*RECORDED INFORMATION:*

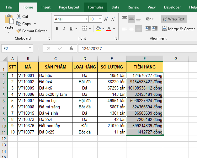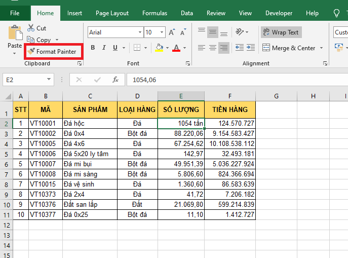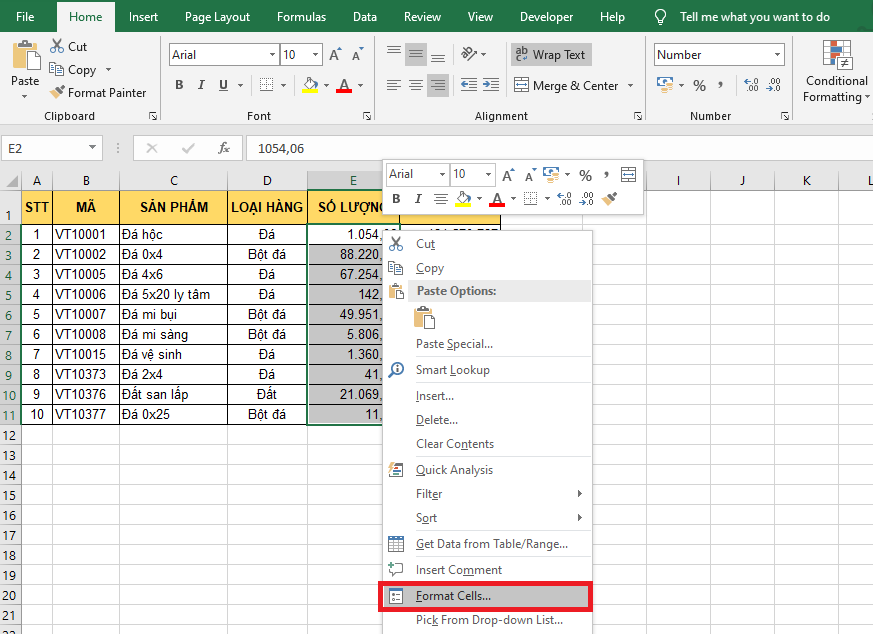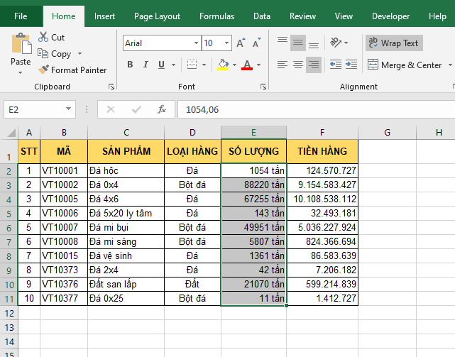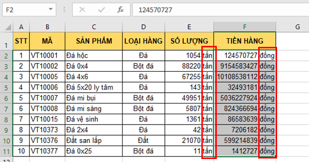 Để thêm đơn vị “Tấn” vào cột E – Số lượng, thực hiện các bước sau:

==

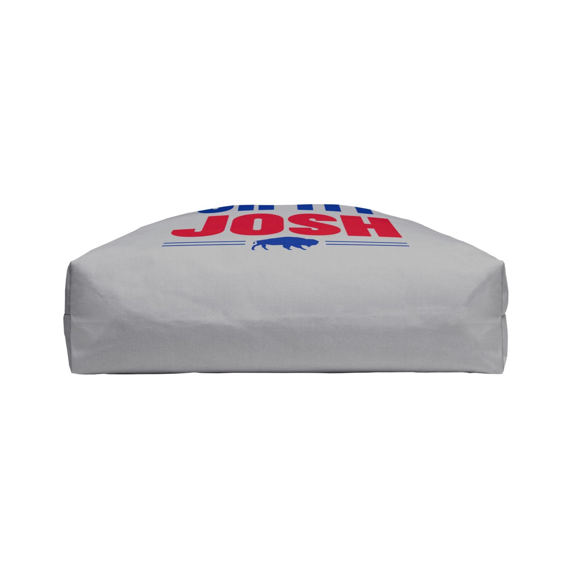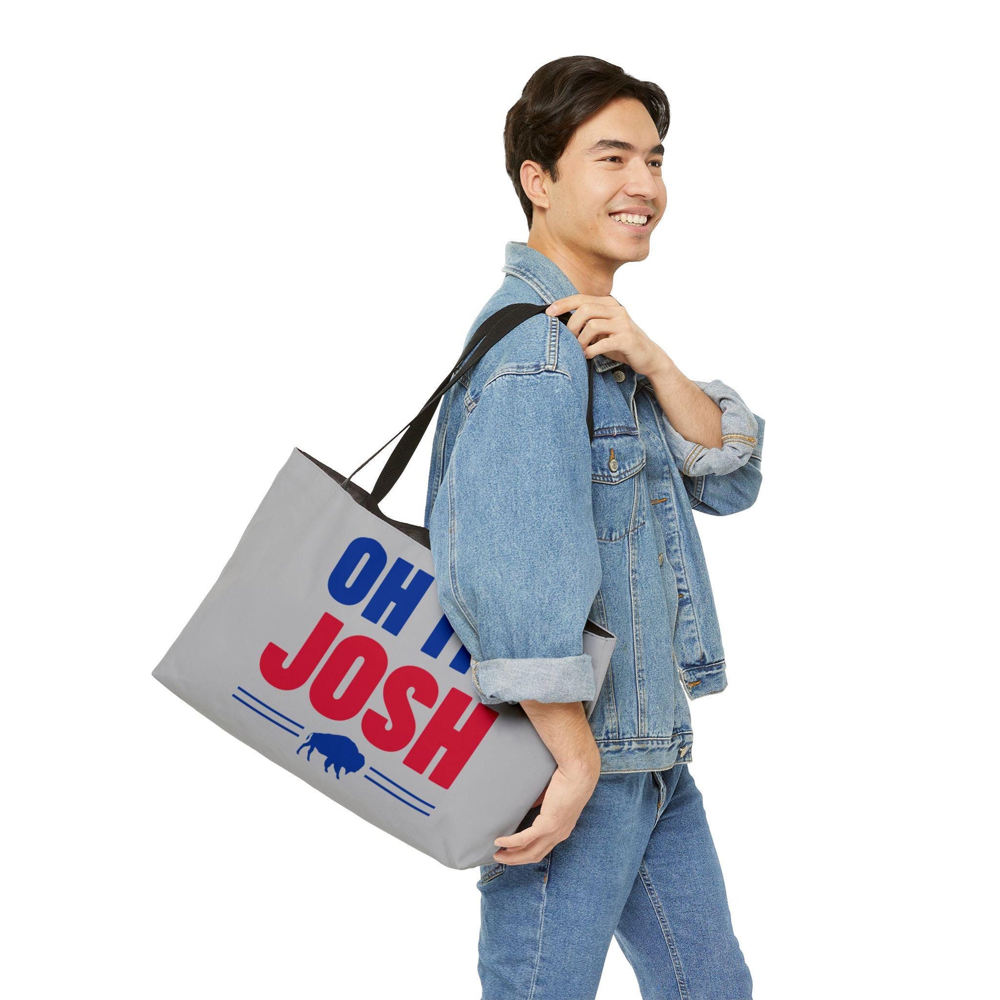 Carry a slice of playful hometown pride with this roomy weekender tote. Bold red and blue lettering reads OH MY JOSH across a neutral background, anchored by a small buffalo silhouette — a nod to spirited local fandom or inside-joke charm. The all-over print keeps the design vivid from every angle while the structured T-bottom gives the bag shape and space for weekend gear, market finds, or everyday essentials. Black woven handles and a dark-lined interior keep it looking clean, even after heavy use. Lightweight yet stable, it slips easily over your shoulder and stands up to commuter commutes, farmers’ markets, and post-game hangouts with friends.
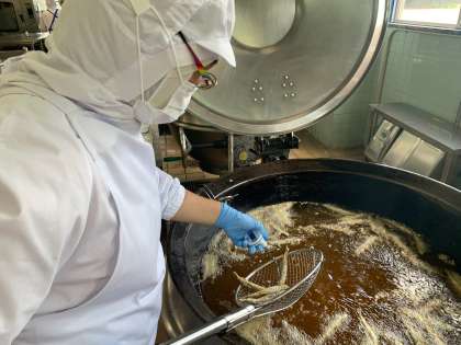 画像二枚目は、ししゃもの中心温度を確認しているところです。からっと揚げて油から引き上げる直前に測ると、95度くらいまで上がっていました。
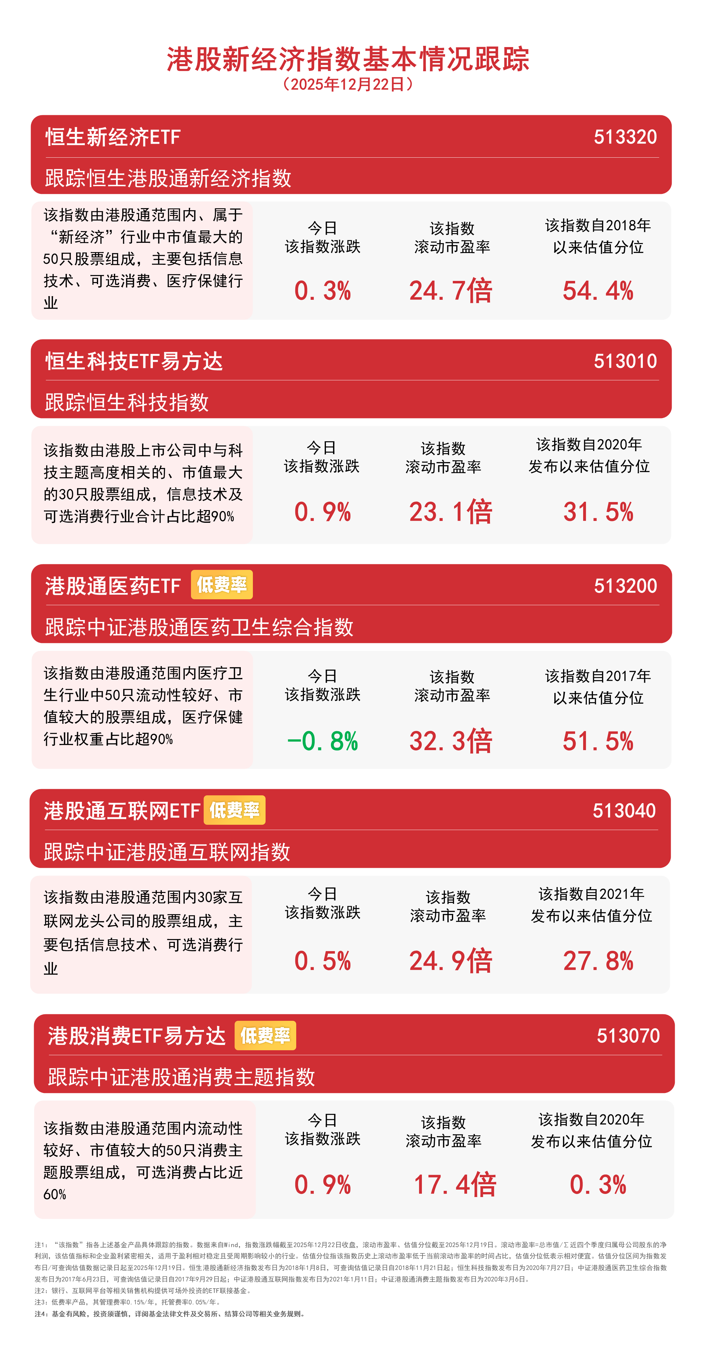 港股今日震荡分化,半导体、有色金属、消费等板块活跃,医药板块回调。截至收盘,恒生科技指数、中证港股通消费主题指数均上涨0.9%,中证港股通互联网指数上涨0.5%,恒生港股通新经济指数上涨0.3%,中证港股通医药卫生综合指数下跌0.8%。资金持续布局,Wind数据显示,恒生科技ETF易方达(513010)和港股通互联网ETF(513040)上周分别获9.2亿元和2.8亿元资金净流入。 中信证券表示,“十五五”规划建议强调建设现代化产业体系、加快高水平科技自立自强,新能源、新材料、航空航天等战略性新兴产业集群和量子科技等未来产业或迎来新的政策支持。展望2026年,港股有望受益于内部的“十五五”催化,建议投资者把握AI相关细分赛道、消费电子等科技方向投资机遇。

*WHAT THE TASK ASKS:* Within the listing above, extract exactly the lines that run from the one containing "画像二枚目は、ししゃもの中心" through the one containing "港股今日震荡分化,半导体、有", excluding any pictures.

*TASK RESULT:*
 画像二枚目は、ししゃもの中心温度を確認しているところです。からっと揚げて油から引き上げる直前に測ると、95度くらいまで上がっていました。
 港股今日震荡分化,半导体、有色金属、消费等板块活跃,医药板块回调。截至收盘,恒生科技指数、中证港股通消费主题指数均上涨0.9%,中证港股通互联网指数上涨0.5%,恒生港股通新经济指数上涨0.3%,中证港股通医药卫生综合指数下跌0.8%。资金持续布局,Wind数据显示,恒生科技ETF易方达(513010)和港股通互联网ETF(513040)上周分别获9.2亿元和2.8亿元资金净流入。 中信证券表示,“十五五”规划建议强调建设现代化产业体系、加快高水平科技自立自强,新能源、新材料、航空航天等战略性新兴产业集群和量子科技等未来产业或迎来新的政策支持。展望2026年,港股有望受益于内部的“十五五”催化,建议投资者把握AI相关细分赛道、消费电子等科技方向投资机遇。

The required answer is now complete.